Ce n’est pas facile tous les jours mais elle travaille à son rythme et je maintiens le contact pour éviter le découragement.
Je garde également le contact avec les professeurs afin qu’ils réalisent la difficulté dans laquelle est cette jeune. Ils sont très compréhensifs et cela fait du bien autant à elle qu’à moi.
Et puis en dehors de la scolarité, et pour donner quelques idées aux mamans, j’envoie des recettes à faire avec les enfants, des sites récréatifs, ou papotons un peu quand je sens que le découragement n’est pas loin. Mais je pense qu’elles vivent plutôt bien le fait de vivre avec leurs enfants.
La première maman dont je parlais s’angoisse pas mal au sujet de la scolarité de sa fille. J’évite donc de lui mettre trop de pression.
J’appelle également les jeunes restées à la maison d’enfants : on garde contact.
Je n’oublie pas de transmettre aux collègues toutes mes observations.
J’ai souhaité maintenir un contact régulier avec elles afin de me maintenir dans le rythme du travail. Mais je m’aperçois au fil du temps que les échanges s’étiolent.
Pourquoi ?
De leur côté, je ne sais pas et ne veux pas les ennuyer avec ces questions alors qu’elles gèrent là une situation inédite, anxiogène, et compliquée.
Tout est bouleversé : leurs horaires de travail, les collègues dont deux sont tombées malades, les comportements de certaines jeunes.
De mon côté, plus le temps passe, plus je me sens décalée, gênée de ne pas être là pour les aider. Alors je me retire un peu aussi. J’ai l’impression de ne plus avoir de place.
Hélène confinée chez elle avec mari et fille.
Penser que les malades chroniques sont bien chez elles sans travailler à attendre que cette cochonnerie de covid passe au-dessus d’elles sans les atteindre est une absurdité !
Je sais que la décision du retrait, appuyée par mes supérieurs, est la bonne.
Reste ce sentiment de ne pas être à sa place. Cette peur d’être touchée.
Me sentir chez moi avec mon mari et ma fille me rassure. Je veille sur eux en même temps que sur moi.
Seulement voilà, le temps passant, l’angoisse augmente.

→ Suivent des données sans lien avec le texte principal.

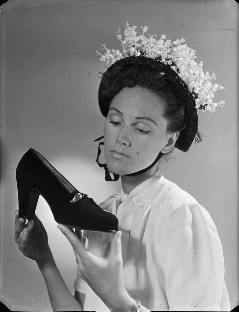 Kvinna med blomsterprydd huvudbonad håller upp en sko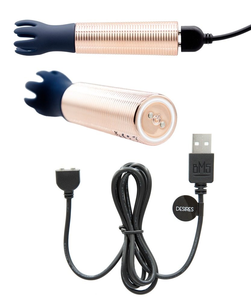 Desires od Pillow Talk ze série Secrets je kompaktní vibrátor s 5 různými, snadno vyměnitelnými nástavci pro všestrannou stimulaci na těle i v těle. Sametová textura Soft Touch poskytuje velmi příjemný pocit na pokožce při stimulaci a hře. Vícerychlostní vibrace se navíc snadno ovládají a díky vodotěsnému provedení poskytují rozmanité potěšení – dokonce i pod vodou. Včetně úložného vaku. Dobíjecí přes USB nabíjecí kabelcje součástí balení.

J’amplifie les gestes barrières et mes exigences sont de plus en plus strictes envers eux qui sortent encore un peu (courses, sport). La peur…
Ne deviendrais-je pas un peu dépresso, maniaco, etc quelque chose comme ça…
Mon obsession est devenue pesante et quelques prises de bec m’ont fait comprendre qu’exposer comme ça mes inquiétudes leur mettait une de ces pressions !
Alors, j’effectue sur moi un travail de contrôle… dur !
Oui, j’ai peur d’être atteinte et de mourir, de quitter ceux que j’aime.
Eh bien, moi qui suis d’une nature pudique, retenue, je n’hésite pas à prendre dans mes bras ma fille et la serrer très fort (elle aussi prend sur elle, une ado imaginez !), et lui dis que je l’aime, quelque fois qu’elle l’aurait oublié !
Je passe davantage de temps avec elle et nous ressortons des jeux de société, des questionnaires de personnalités sont intéressantes aussi car les réponses, si on joue vraiment le jeu, font ressurgir des aspects oubliés, cachés de chacun d’entre nous. On se découvre encore un peu.
Nous ne nous étions plus laissé de temps. On rit, ça détend.
Depuis, je fais le point sur moi : qu’est-ce que je peux être exigeante autant envers moi qu’envers les autres ! J’aime aller au fond des choses et réussir mais est-ce que j’ai le droit de l’imposer aux autres.
En y pensant je me dis quand tout cela sera fini, ces leçons ne s’effaceront-elles pas ?
Cette pause me permet aussi de me rapprocher davantage de la nature (j’adore le jardinage, les balades dans la campagne). Les habitudes de vivre et de consommer sont en train de changer. Un potager vient de renaître, les plats se font au gré des placards. On se sent plus libre et autonome.
Tiens là je suis suivie, personne ne râle et l’entraide est spontanée !
La nature ne nous a-t-elle pas lancée une alerte ?
Cela a du bon tout compte fait le confinement. Enfin, ce soir, c’est ce que je veux retenir avant de dormir.